Iran's atomic agency chief insisted Sunday on Tehran's demands for increased uranium enrichment, days before the resumption of thorny talks with world powers in Geneva.
Ali Akbar Salehi, a former foreign minister and ex-nuclear negotiator for the Islamic republic, said that within eight years the country would need 12 times more enriched uranium than at present.
Iran's level of uranium enrichment -- the process that produces atomic fuel -- has been a key stumbling block in reaching a deal with the P5+1 powers (Britain, China, France, Russia, the United States plus Germany) on Tehran's contentious nuclear programme.
"We currently produce 2.5 tons but will need 30 tons eventually," Salehi, head of the Iranian Atomic Energy Organisation, was quoted as saying by official news agency IRNA.
"They refuse... and ask that we reduce the number of centrifuges (the machines that enrich uranium)," Salehi said.
"We must have that right in eight years... we are ready to do this in stages.
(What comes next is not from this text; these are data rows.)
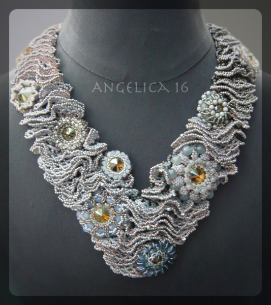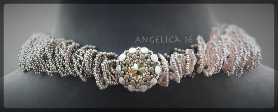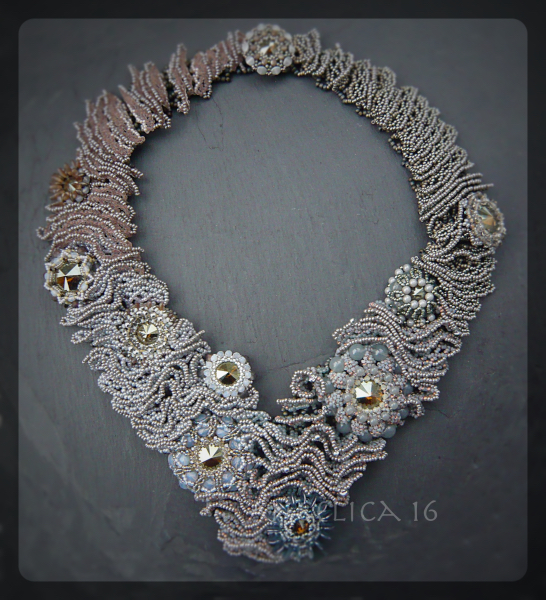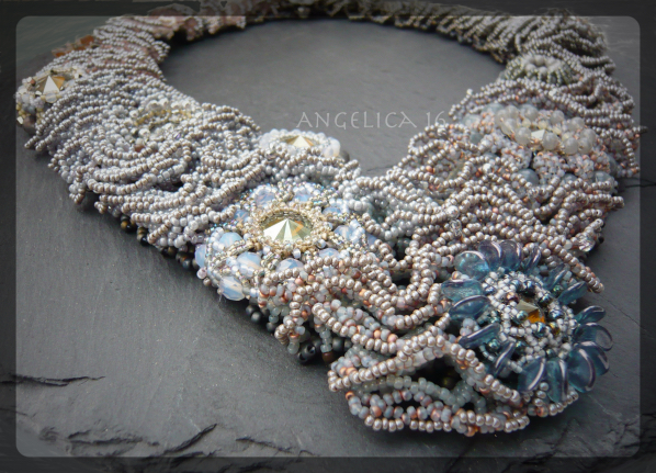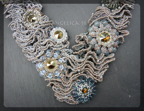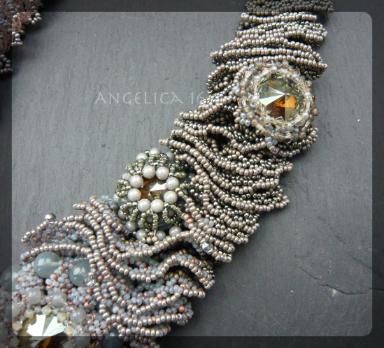 Eine Netzbasis, darauf verschiedenste Rivolifassungen, teilweise noch aus Illes aux perles Zeiten. In kittgrau, braungrau, blaugrau, grüngrau, graugrau usw. Die habe ich in einem Farbverlauf auf das Netz genäht und dann nach der Idee von Rachel Nelson Smith mit Netz belegt. Und das Netz hat auch jeweils drei Farben, kittgrau, braungrau, graugrau…………..
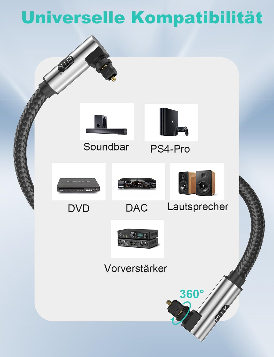 - [Universelle Kompatibilität] Das optische Audiokabel verbindet Audiokomponenten von Blu-ray-Playern, Projektoren, Fernsehern, DVD-Playern. Es passt in standardmässige Toslink (S/PDIF, Optical) Anschlüsse.
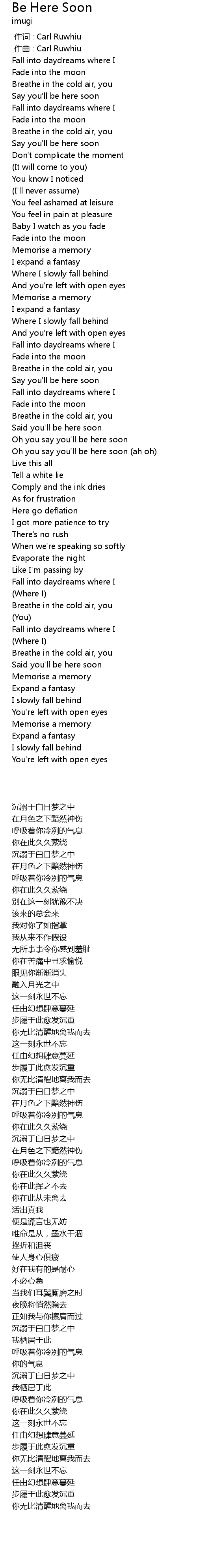 | [00:27.285] | Say you' ll be here soon |
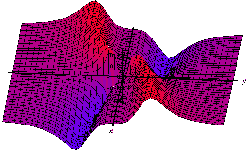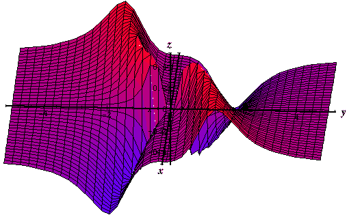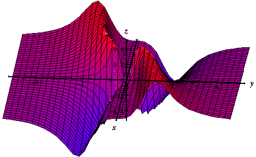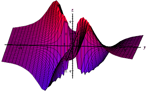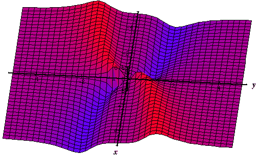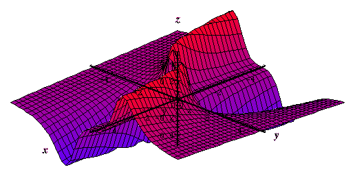 A plot of this appealing surface is shown in Figure 9a. Again, the activity is to look at the surface from many points of view. See Figures 9b and 9c. We can see that something fairly precipitous is happening near the origin, and that the function nears a different value along the ridge than it does along lines of approach to the origin. (It also tends to a different value along the trough, but we'll concentrate on the ridge.) To get a better look at the ridge, we'll rotate the z -axis forward. See Figures 9d, 9e, and 9f. We hope this leads students to recognize the ridge curve
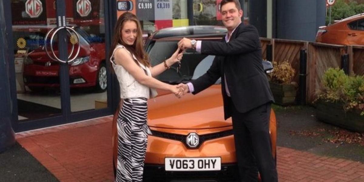 La première MG3 vient d’être livrée en Grande-Bretagne à une propriétaire qui a droit à une photo tous sourires dehors.. Second modèle de la nouvelle incarnation de MG en Europe après la MG6, cette nouvelle citadine cinq portes espère mieux se vendre que son aînée.
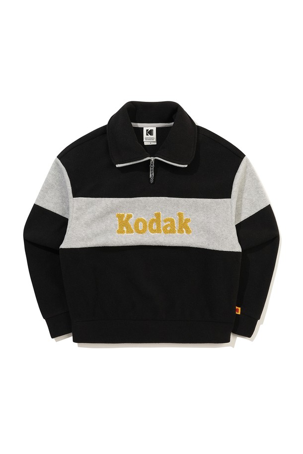 컬러블럭 마이크로플리스 반집업 맨투맨 우먼 BLACK
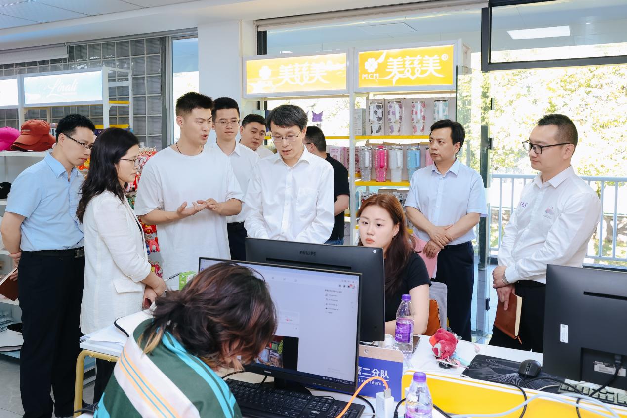 在外语外贸学院,与会人员参观了文化墙和数字贸易实训基地建设。在数字品牌AI运营实训室,李昌祖详细了解了AI电商直播的运行原理和建设情况。他指出,AI直播是当下电商直播产业催生出的新质生产力,要打造具有义乌工商职院特色的AI直播模式并输出到国际商贸城,为广大商户提供精准直播策略,服务世界小商品之都建设。
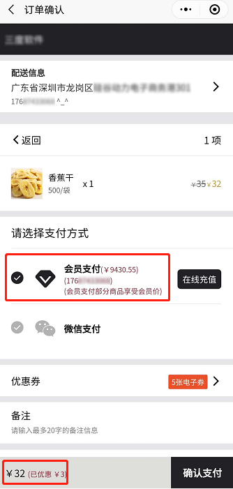可支持微信支付、会员支付

They can set the first step but we want to set the last step."
With a comprehensive nuclear deal at stake by a June 30 deadline, the negotiations have stalled on key issues.
Big gaps remain on uranium enrichment and the time it will take to lift extensive international sanctions imposed on Iran as punishment for its nuclear activities.
Following a preliminary agreement in November 2013, two deadlines for a final deal have been missed with talks failing to pin down hard details on what an approved Iranian nuclear programme would look like.
Under the interim deal, Iran's stock of fissile material has been diluted from 20 percent enriched uranium to five percent in exchange for limited sanctions relief.
This would push back the "breakout capacity" to make an atomic weapon, which Iran denies pursuing.
Salehi also reiterated Iran's demand for an eventual enrichment capacity of 190,000 SWU (separative work units), which was first set out by the country's supreme leader Ayatollah Ali Khamenei last July.
In Geneva, US Secretary of State John Kerry will meet Iranian counterpart Mohammad Javad Zarif on Wednesday, with lower-level P5+1 meetings on January 18.
Salehi also pointed to a third difficulty -- the time period the West considers necessary for confidence-building measures to ensure Iran's nuclear programme is peaceful.
"We want this period to be less than 10 years," he said, noting that the P5+1 powers want it to last "between 10 and 20 years".
In a sign that difficulties lie ahead, Khamenei last week used a public speech to voice distrust of the United States in the talks, citing its "arrogance" over the steps to be taken to lift sanctions.
Khamenei, as Iran's top authority, will have the last word on any final agreement.